Para quem está acompanhando as notícias deve saber que Michael Schumacher, o heptacampeão (sete vezes) de Fórmula 1 recém acordou de um coma que durou cerca de seis meses. Mais uma vitória para seu histórico de medalhas e taças, não é mesmo?

Nesta semana a revista Isto é publicou uma reportagem sobre Schumy que virou manchete de capa. Ainda não comprei a revista, mas provavelmente falarão sobre seu acidente e a situação em que se encontra atualmente. Além desta reportagem poderemos acompanhar a entrevista de uma sobrevivente de Traumatismo Craniano cujo tratamento de reabilitação cognitiva foi oferecido pelo Centro Paulista de Neuropsicologia, um dos pioneiros no Brasil na área de reabilitação. Para os interessados de plantão, sugiro que tentem acompanhar essas notícias.

Hoje, meu papel aqui é o de ressaltar alguns pontos importantes sobre a situação de pessoas que acordam do período de coma. A principal mensagem é a de que este período após o coma É APENAS O COMEÇO.

Atividade cerebral. Cirurgias. Clipagem. Uso de sonda. Aparelhos para ajudar a respirar. São tantos os desafios para sobreviventes após um acidente cerebral. Embora os progressos possam ser lentos, é possível percebê-los e vibrar a cada novo (e muitas vezes, pequeno) avanço.

O período pós coma ainda é um período delicado, uma vez que é importante saber quais as limitações do paciente e o que ele já é capaz de fazer. Neste momento de cuidados intensivos especiais, contamos muito com ajuda de médicos neurologistas e neurocirurgiões. Ainda no hospital, quando o paciente é levado para o quarto já somos capazes de observar algumas de suas capacidades cognitivas mais elementares como nível de consciência, capacidade de falar ou se comunicar com gestos, reconhecer familiares, ou seguir comandos simples. A recuperação após um acidente grave varia de pessoa para pessoa, mas sem dúvida alguma o tratamento precoce favorece enormemente esses casos.

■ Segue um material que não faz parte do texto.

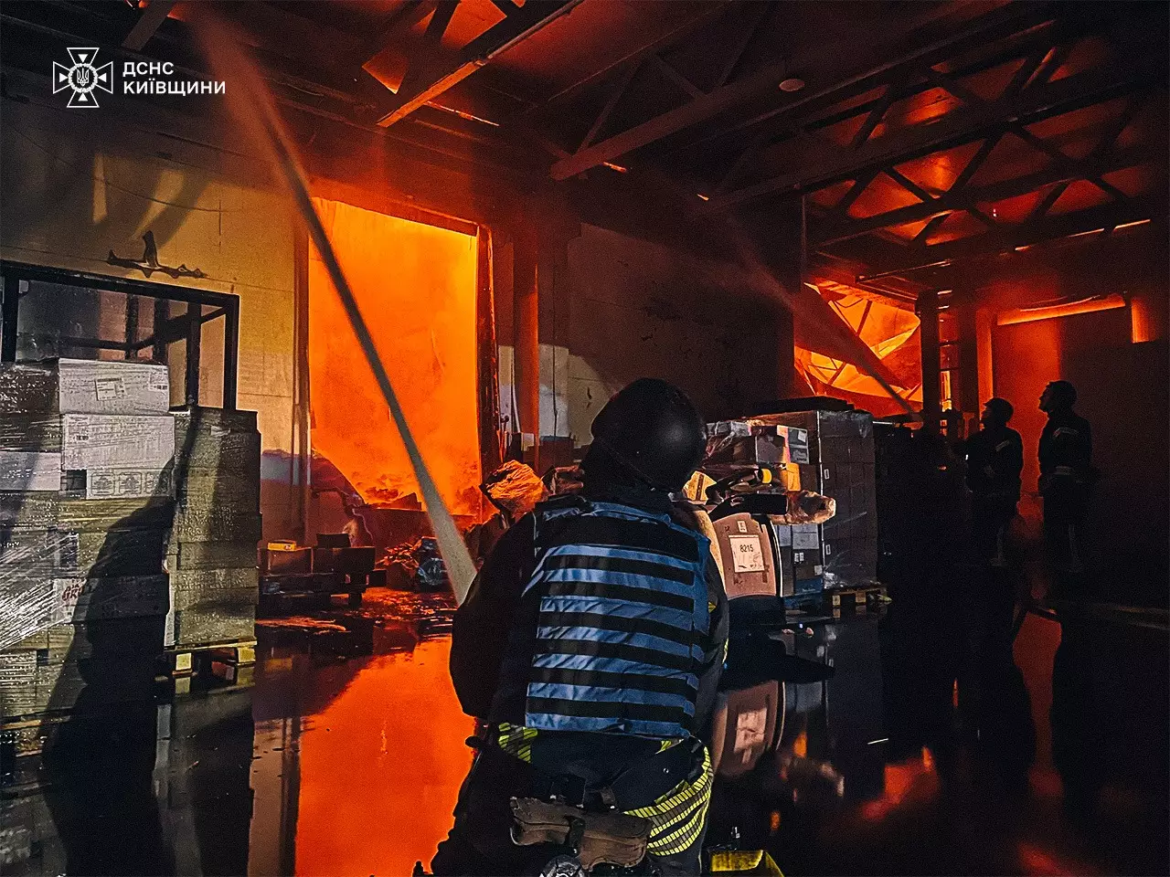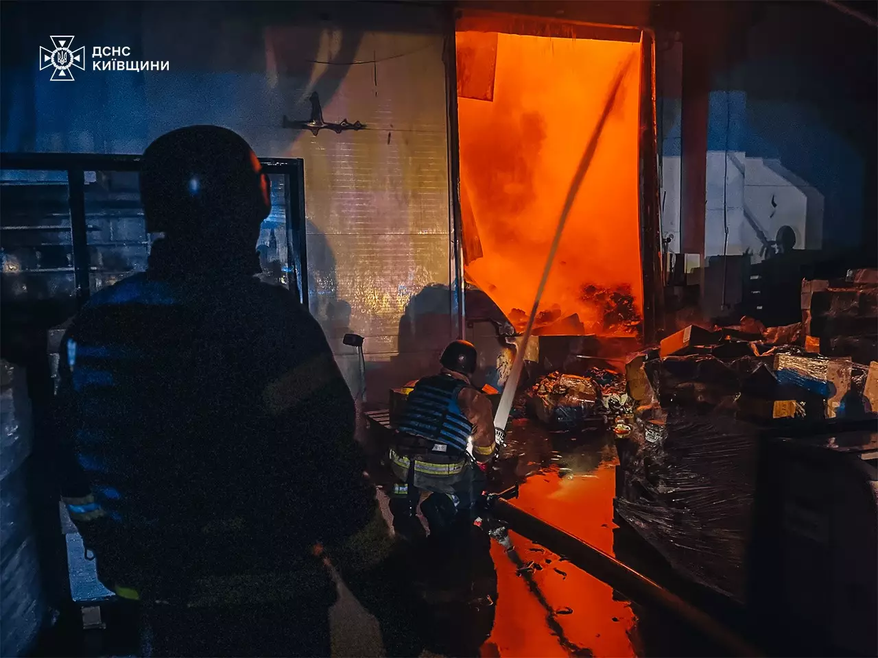 О 00:50 внаслідок чергової російської атаки безпілотниками на території Бориспільського району сталося загоряння складського приміщення площею 15 000 метрів квадратних.

A Reabilitação Neuropsicológica, como já falei algumas vezes aqui em outros textos, pode incluir uma equipe grande de profissionais. Neurologistas, psicólogos, neuropsicólogos, fonoaudiólogos, fisioterapeutas, fisiatras, terapeutas ocupacionais, precisam trabalhar juntos de forma trans e multidisciplinar, cada um em sua área de especialidade, mas trocando informações com o objetivo de favorecer a recuperação do paciente e possibilitar maior qualidade de vida a ele e seus familiares. É importante ressaltar que o tratamento físico é extremamente importante nesse momento e um dos primeiros a ser realizado. Dependendo do quadro clínico, também é possível trabalhar com as dificuldades da fala, caso elas estejam presentes, e assim, um segundo passo pode ser tomado: observar quais dificuldades cognitivas estão presentes e como podemos trabalhar para compensar esses déficits.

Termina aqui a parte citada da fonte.